Big name coaches pleased with the team’s efforts, coach says.
By Dillon Holloway
The Rangers’ regular season may be over, but the team is still determined to improve their skills on the hardwood.
The team spent their weekend engaged in a series of workouts at the National Association of Basketball Coaches Convention.
The convention ran March 29-April 2 inside the Henry B. Gonzalez Convention Center.
Rangers’ head coach Sam Casey attended the convention with 10 Ranger players, who participated in various coaching clinics before a packed Henry B. Gonzalez Convention Center crowd of coaches March 29-31.
James Ingram, head coach of Northeast Lakeview men’s basketball, also attended the event and had two Nighthawk’s players who participated in drills with the Rangers.

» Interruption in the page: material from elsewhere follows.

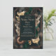 Throw a glamorous holiday whodunit! This speakeasy-style invitation features an Art Deco black-and-gold frame, champagne coupes and bottles, emerald ribbon, and vintage “clues” for a moody, 1920s vibe—perfect for a Murder Mystery Christmas party or cocktail dinner.
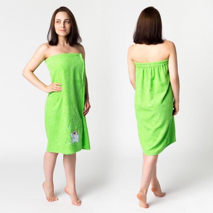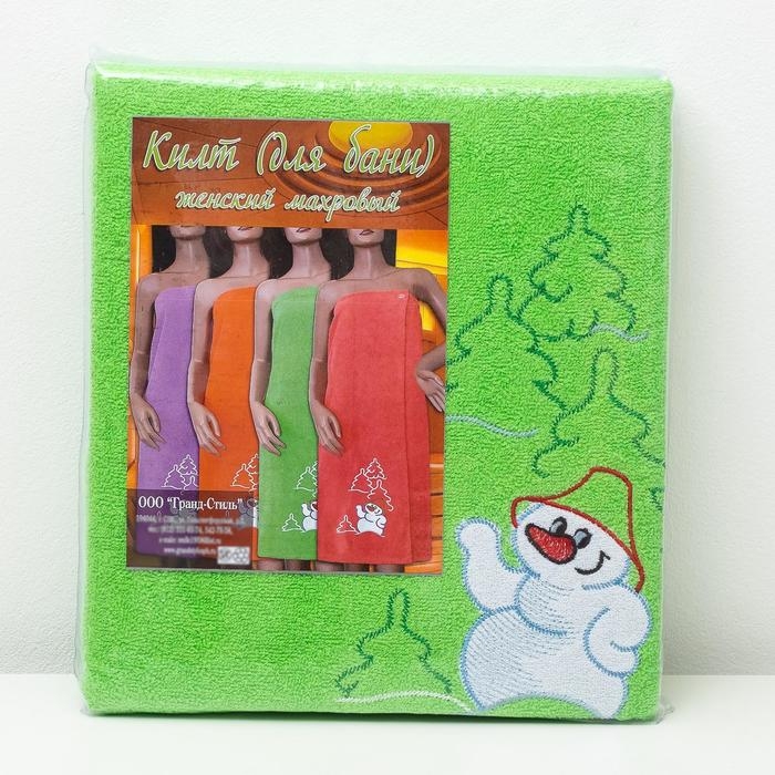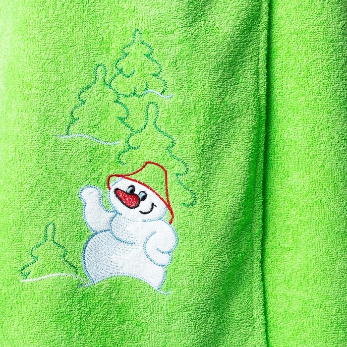 Килт женский для бани и сауны, цвет зелёный вышивка Снеговик, размер 80х150±2 см, махра 300г/м 100% хлопок

The association, also known as the NABC, holds the convention annually in conjunction with the NCAA Men’s Final Four according to the association’s website www.nabc.com/convention.
This year’s Final Four semifinal and championship games were March 31 and April 2 inside the Alamodome.
The NABC is recognized as the central governing authority for the game of basketball with nearly 5,000 coaches making up its membership, according to the association’s website www.nabc.com.
Forrest “Phog” Allen, former University of Kansas head coach, founded the NABC in 1927.
This weekend, the drills were conducted by basketball coaches who demonstrated techniques and plays for the coaches in attendance.
Ingram said the NABC Convention is attended by collegiate coaches from all levels of men’s and women’s basketball programs.
“Every team in the country has a coach or some kind of representation here,” he said.
Ingram said the convention is an opportunity for players involved in coach demonstrations to get looked at by bigger schools.
Coaches who led clinics included Flor Meléndez-Montañez, former Puerto Rican National Team head coach; Ben McCollum, Northwest Missouri State University head coach; Dana Altman, University of Oregon head coach; Carmen Maciariello, George Washington University assistant coach; and Bob Huggins, West Virginia University head coach.
Gregg Popovich, head coach of the San Antonio Spurs, delivered a lecture titled “Building and Sustaining a Culture of Excellence” March 30.
Popovich emphasized the importance of coaches getting to know players on a personal level and realizing there are things in life bigger than basketball.
Popovich said he does not possess a magical secret to winning; success comes from hard work and developing good habits.
“My drills are the same as your drills,” he said. “It’s not about X’s and O’s, it’s about habits.”
Criminal justice freshman Derek Miller, forward for the Rangers, said attending the NABC convention was better than he could have imagined.
“I loved the overall weekend, I think the team did as well. I think everyone loved it,” he said.
Miller said the team benefitted from the drills and were able to pick up the new plays quickly.
“Some of those drills we don’t do. So, they could be very useful with our offensive and defensive sets,” he said. “Everyone was picking them up really easily. With the Oregon coach, Dana Altman, we only had 10 minutes to go through his offense and we picked it up in 10 minutes.”
Altman had the Rangers run Oregon’s offensive sets, which include multiple cuts to the basket and post-up plays.
Casey, who is a member of the NABC, contacted Thom McDonald, the recruiting coordinator of Championship Productions, during this college’s spring break to inquire about the team participating.
“I heard they were looking for a team to use for the demonstrations so I made it pretty clear that ‘hey, we’re interested,’” he said.
Championship Productions produces instructional videos and DVDs for coaches, parents, and athletes according to the company’s website www.championshipproductions.com.
The drills and clinics at the NABC Convention were filmed and will be sold by the company, Casey said.
Casey said the team was able to attend the convention free of charge save for the cost of transportation covered by this college.
The transportation cost was about $210 for all three days plus the cost of gas, Casey said.
Casey said it was tough to pick a favorite clinic from the weekend but highlighted Maciariello, who was a last-minute replacement at the convention, leading a clinic called “It Starts with the Feet.”
Maciariello focused on foot work and strategies for driving the ball into the paint.
“We want our feet to eat,” Maciariello said to the clinic. “We always want more.”
Casey said he appreciated Maciariello’s positivity, high energy, attention to detail and desire to get all of the Rangers involved.
“He made sure to utilize every single one of our guys so no one really missed out,” Casey said.
“That’s no one’s fault when that happens because they’re asked to speak on certain topics so sometimes you only need five guys, but he made a point to get everyone involved.”
Casey said he received positive feedback from convention organizers and coaches on the Rangers work ethic and professionalism during the clinics.
“I think the word is out now that San Antonio College has a basketball team and they work hard when they’re on the court,” he said.